**Directions for this task**
A verbatim copy of all the data is required; the pictures should not appear in it.

** Exercise data follows **

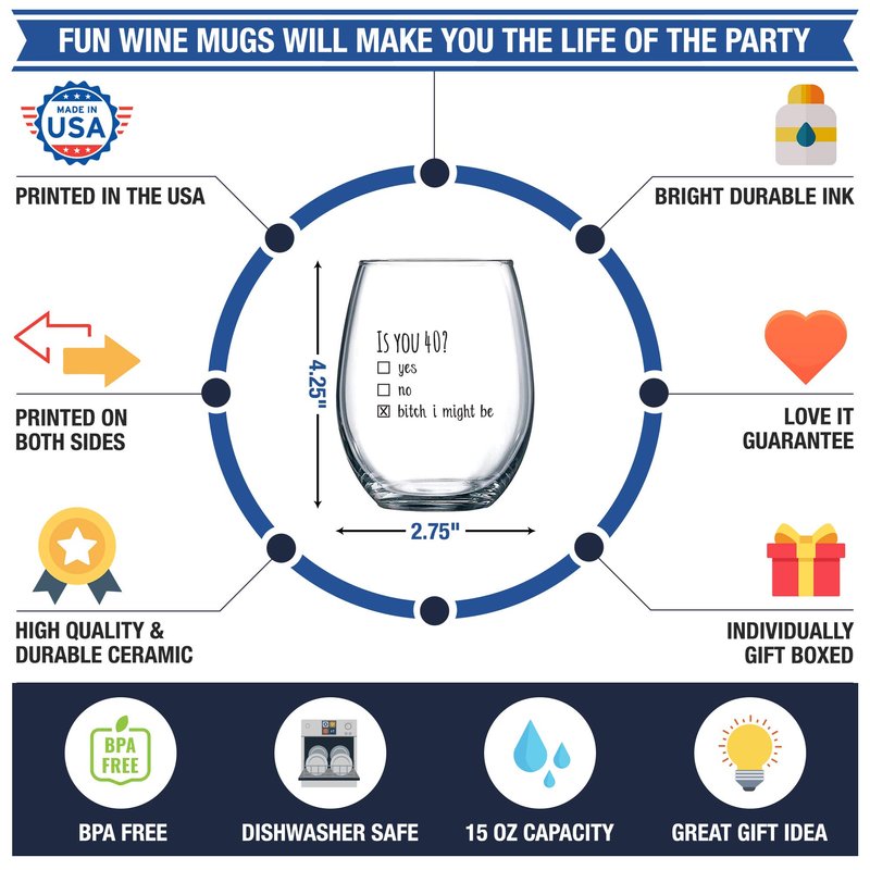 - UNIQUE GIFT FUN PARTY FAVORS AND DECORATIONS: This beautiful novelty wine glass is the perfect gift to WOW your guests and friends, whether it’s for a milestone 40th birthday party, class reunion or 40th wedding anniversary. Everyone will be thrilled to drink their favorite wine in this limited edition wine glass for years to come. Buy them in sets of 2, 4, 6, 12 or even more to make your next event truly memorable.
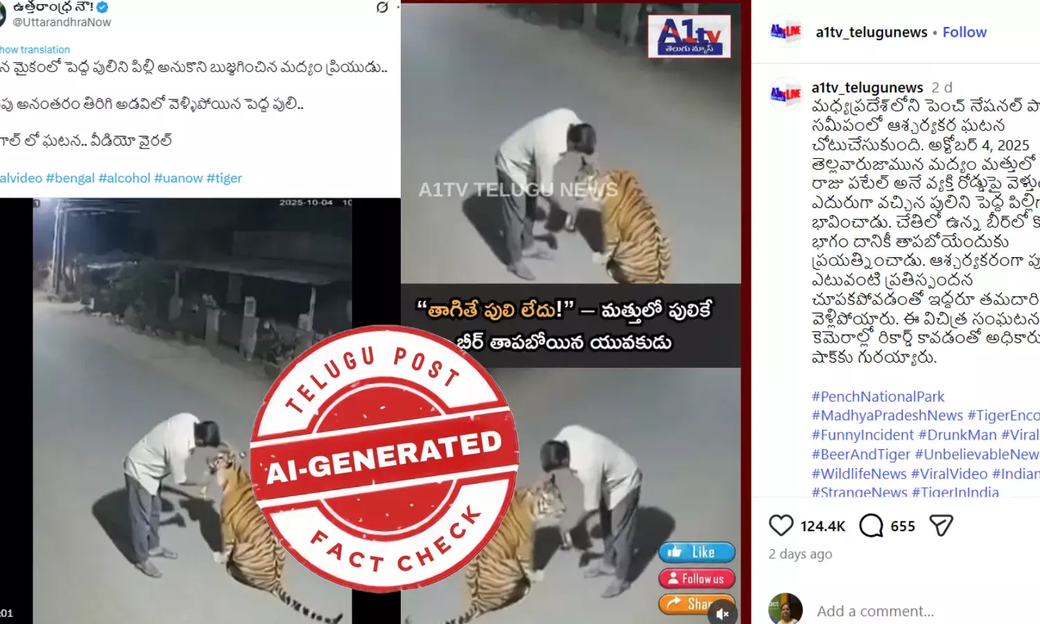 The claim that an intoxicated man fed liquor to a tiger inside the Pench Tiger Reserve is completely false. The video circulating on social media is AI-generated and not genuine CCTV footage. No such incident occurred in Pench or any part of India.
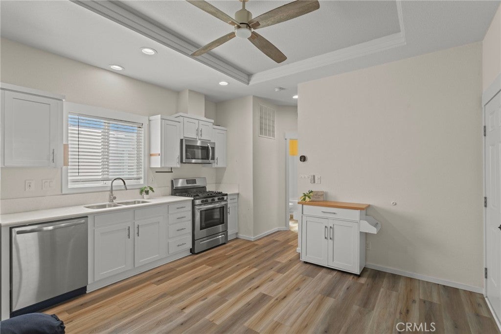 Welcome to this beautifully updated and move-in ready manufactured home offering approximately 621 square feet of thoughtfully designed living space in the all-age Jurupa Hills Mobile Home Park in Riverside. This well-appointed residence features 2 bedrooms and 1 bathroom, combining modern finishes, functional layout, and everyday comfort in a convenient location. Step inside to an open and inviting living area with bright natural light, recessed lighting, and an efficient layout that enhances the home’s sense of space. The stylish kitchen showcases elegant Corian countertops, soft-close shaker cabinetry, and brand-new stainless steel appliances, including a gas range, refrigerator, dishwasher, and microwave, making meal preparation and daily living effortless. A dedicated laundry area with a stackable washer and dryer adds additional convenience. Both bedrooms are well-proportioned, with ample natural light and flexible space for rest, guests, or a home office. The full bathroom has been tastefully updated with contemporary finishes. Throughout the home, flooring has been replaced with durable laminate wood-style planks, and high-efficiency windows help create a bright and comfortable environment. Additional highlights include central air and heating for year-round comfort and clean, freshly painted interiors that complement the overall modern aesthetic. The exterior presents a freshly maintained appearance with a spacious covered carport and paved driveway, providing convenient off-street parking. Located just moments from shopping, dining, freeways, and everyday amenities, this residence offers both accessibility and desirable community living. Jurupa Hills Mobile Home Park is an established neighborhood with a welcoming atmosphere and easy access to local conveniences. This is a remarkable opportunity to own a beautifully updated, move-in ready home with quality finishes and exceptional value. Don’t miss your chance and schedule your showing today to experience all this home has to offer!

** End of Exercise data **

**Answer space**
 - UNIQUE GIFT FUN PARTY FAVORS AND DECORATIONS: This beautiful novelty wine glass is the perfect gift to WOW your guests and friends, whether it’s for a milestone 40th birthday party, class reunion or 40th wedding anniversary. Everyone will be thrilled to drink their favorite wine in this limited edition wine glass for years to come. Buy them in sets of 2, 4, 6, 12 or even more to make your next event truly memorable.
 The claim that an intoxicated man fed liquor to a tiger inside the Pench Tiger Reserve is completely false. The video circulating on social media is AI-generated and not genuine CCTV footage. No such incident occurred in Pench or any part of India.
 Welcome to this beautifully updated and move-in ready manufactured home offering approximately 621 square feet of thoughtfully designed living space in the all-age Jurupa Hills Mobile Home Park in Riverside. This well-appointed residence features 2 bedrooms and 1 bathroom, combining modern finishes, functional layout, and everyday comfort in a convenient location. Step inside to an open and inviting living area with bright natural light, recessed lighting, and an efficient layout that enhances the home’s sense of space. The stylish kitchen showcases elegant Corian countertops, soft-close shaker cabinetry, and brand-new stainless steel appliances, including a gas range, refrigerator, dishwasher, and microwave, making meal preparation and daily living effortless. A dedicated laundry area with a stackable washer and dryer adds additional convenience. Both bedrooms are well-proportioned, with ample natural light and flexible space for rest, guests, or a home office. The full bathroom has been tastefully updated with contemporary finishes. Throughout the home, flooring has been replaced with durable laminate wood-style planks, and high-efficiency windows help create a bright and comfortable environment. Additional highlights include central air and heating for year-round comfort and clean, freshly painted interiors that complement the overall modern aesthetic. The exterior presents a freshly maintained appearance with a spacious covered carport and paved driveway, providing convenient off-street parking. Located just moments from shopping, dining, freeways, and everyday amenities, this residence offers both accessibility and desirable community living. Jurupa Hills Mobile Home Park is an established neighborhood with a welcoming atmosphere and easy access to local conveniences. This is a remarkable opportunity to own a beautifully updated, move-in ready home with quality finishes and exceptional value. Don’t miss your chance and schedule your showing today to experience all this home has to offer!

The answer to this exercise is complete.